Even though the country has taken some proactive steps in heralding reforms in agri-credit to provide financial assistance to the farmer community, it is still behind compared to some neighboring nations. While the volume of credit has improved over the decades, its quality and impact on agriculture have only weakened. Agriculture requires substantial capital commitment, as procurement of equipment remains a significant spend for most farmers. Still, most agricultural credit extended to farmers is of a working capital nature, thus stagnating more than 80 percent of farmers’ income.
The analysis of Indian credit demand suggests that even though the banks and other financial institutions are aggressively increasing their reach to the farmer community under priority sector lending, the penetration continues to be low. In this scenario, the Non-Banking Finance Companies (NBFC) sector focusing on Agriculture mechanization has scripted a remarkable success story. It is a testimony to the truly diverse and entrepreneurial spirit of India. From large Agri infrastructure financing to small farmers’ microfinance, these NBFCs have innovated over time and found ways to address the debt requirements of the farmer community as a whole.

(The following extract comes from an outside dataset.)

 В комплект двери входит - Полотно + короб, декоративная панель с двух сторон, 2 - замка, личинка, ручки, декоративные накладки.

Over time, agri-focused NBFCs / Fintech’s have evolved to be well regulated and, in many instances, adopted best practices in technology, innovation, risk management, and governance. Thus, act as conduits and have furthered the Government’s agenda on Financial Inclusion.

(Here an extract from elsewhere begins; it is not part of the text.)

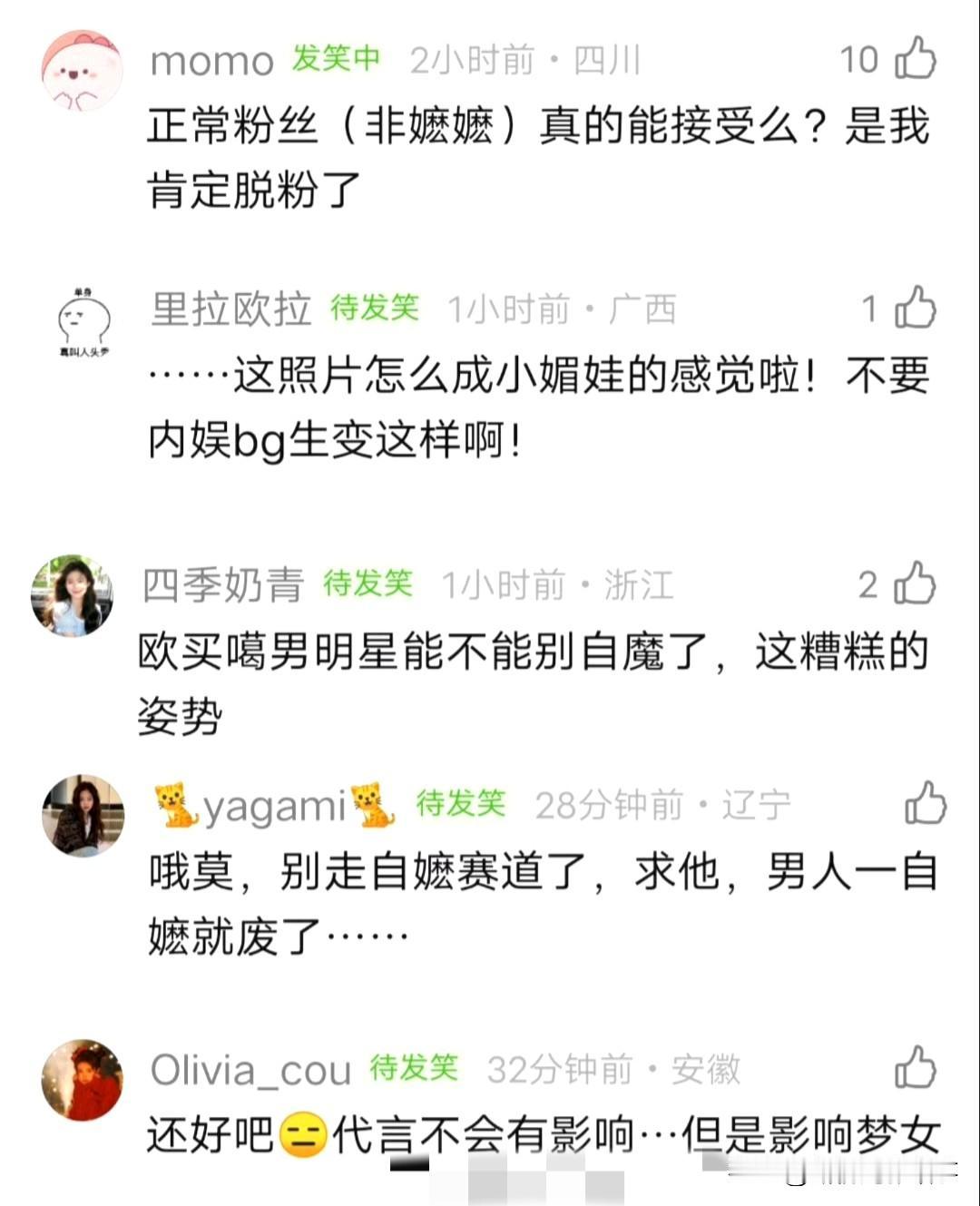 《侯明昊工作室营业引争议:男星当避“自嬷”赛道》 侯明昊工作室的营业风格近期引发网友热议,不少人直言“男明星该远离自嬷赛道”。 过度强调“可爱”“软萌”的营销,虽能吸引部分粉丝,却也容易消解男星的多元魅力。 观众更期待看到的是~作品里的实力展现和营业中的清爽态度——与其陷在单一风格里,不如用角色和质感站稳脚跟,才是长久之道。

The agri-focused NBFCs /Fintech’s can meet the long-term credit needs of the farmers as most of them have high penetration in rural India, and the bulk of their credit disbursements are focused only on small and marginal farmers. Public domain data suggests that only 30 percent of total small and marginal farmers have access to banks and other formal credit channels. Some of the issues faced by banks in providing credit to the farmers are difficulty in reaching far-flung and remote areas and lack of critical technology.
Further, banking activity involving lending to small farmers is plagued by various limitations like higher acquisition and servicing costs for marginal farmers and a greater risk of loan default. There are other problems that banks have faced, like difficulty in gathering farm-level data and getting information such as the cash flow and credit history of farmers. This is where the role of Agri-focused NBFCs /Fintech’s becomes critical. They have leveraged technology to derive essential insights into the farm domain and individual farmers to give out loans seamlessly and fairly. They also quickly offer credit to the farmers through lower paperwork and documentation. Adopting advanced analytics and rural market intelligence helps them bring efficiencies in the lending mechanism and cut the time taken to disburse a loan.

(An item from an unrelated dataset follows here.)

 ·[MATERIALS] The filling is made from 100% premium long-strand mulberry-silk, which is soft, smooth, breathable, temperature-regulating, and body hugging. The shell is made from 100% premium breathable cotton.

The various purposes for which agri-dedicated NBFCs lend money to the farmer include loans for equipment and machinery, modern and efficient methods of irrigation, and various other components in the value chain of cultivation. They have also brought down the interest rate of loans to as low as 12-18 percent compared to 24-60 percent available in the informal credit system in the vast rural parts of India. The use of modern technology to draw estimates of loan demand, visibility of usage of credit, tracking irrigation facilities, etc., to come up with the exact products and offerings for the farmers are another set of distinct advantages these NBFCs offer.
It’s time the policymakers support such NBFCs who are charged up to bring radical and profound changes to the formal farm financing. The major challenge these NBFCs are trying to tide over is inclusion under reforms that currently are limited to banks and their Agri credit business. The policymakers must ensure that agri-focused NBFCs/ Fintech’s are included in effective programs such as the government subsidy schemes, a benefit hitherto available only to the Banks. It will enable them to lend efficiently, and mitigate farmers’ credit requirements, thereby supporting their income growth. It will also go a long way in boosting agriculture financing and help India dominate global leadership of the agrarian economy.